[Opening Supplied data section]

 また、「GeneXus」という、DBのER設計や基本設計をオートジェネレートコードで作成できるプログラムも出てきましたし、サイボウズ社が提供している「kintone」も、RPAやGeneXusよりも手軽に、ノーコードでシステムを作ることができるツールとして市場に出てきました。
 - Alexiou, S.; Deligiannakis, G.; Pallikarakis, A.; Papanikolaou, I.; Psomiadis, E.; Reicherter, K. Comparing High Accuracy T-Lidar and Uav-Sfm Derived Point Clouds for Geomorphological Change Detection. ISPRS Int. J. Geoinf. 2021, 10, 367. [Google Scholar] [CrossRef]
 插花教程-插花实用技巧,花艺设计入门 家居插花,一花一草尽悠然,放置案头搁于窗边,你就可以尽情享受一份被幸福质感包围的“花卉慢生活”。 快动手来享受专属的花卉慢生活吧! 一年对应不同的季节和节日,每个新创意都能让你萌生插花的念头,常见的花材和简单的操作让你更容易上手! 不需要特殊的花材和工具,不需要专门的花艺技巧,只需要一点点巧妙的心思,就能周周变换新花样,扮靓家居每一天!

[Closing Supplied data section]
[Opening Supplied data section]

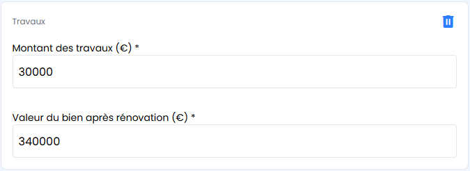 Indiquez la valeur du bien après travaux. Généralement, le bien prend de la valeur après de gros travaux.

[Closing Supplied data section]
[Opening Supplied data section]

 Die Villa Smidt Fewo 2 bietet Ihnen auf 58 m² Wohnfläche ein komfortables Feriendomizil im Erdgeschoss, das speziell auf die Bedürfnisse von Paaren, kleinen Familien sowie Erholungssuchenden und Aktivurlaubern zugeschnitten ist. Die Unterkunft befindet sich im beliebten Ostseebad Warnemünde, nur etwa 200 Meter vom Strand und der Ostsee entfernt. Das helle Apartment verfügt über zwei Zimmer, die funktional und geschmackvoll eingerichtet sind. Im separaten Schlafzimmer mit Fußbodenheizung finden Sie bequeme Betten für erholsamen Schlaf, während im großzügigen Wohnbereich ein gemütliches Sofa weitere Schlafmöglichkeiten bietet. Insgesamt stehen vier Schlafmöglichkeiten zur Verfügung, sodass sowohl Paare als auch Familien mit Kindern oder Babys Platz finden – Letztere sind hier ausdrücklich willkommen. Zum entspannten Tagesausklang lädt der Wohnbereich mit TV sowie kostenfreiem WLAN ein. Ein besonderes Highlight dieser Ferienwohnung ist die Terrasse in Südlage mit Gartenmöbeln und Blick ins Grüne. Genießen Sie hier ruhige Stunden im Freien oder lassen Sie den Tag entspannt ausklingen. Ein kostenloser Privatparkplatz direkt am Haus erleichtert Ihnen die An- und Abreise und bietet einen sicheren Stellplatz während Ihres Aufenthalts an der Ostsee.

[Closing Supplied data section]

### Problem to work on
Please reproduce the lines from the line with "また、「GeneXus」とい" to the line with "- Alexiou, S.;", both ends included, exactly as they appear above.

### Reply
 また、「GeneXus」という、DBのER設計や基本設計をオートジェネレートコードで作成できるプログラムも出てきましたし、サイボウズ社が提供している「kintone」も、RPAやGeneXusよりも手軽に、ノーコードでシステムを作ることができるツールとして市場に出てきました。
 - Alexiou, S.; Deligiannakis, G.; Pallikarakis, A.; Papanikolaou, I.; Psomiadis, E.; Reicherter, K. Comparing High Accuracy T-Lidar and Uav-Sfm Derived Point Clouds for Geomorphological Change Detection. ISPRS Int. J. Geoinf. 2021, 10, 367. [Google Scholar] [CrossRef]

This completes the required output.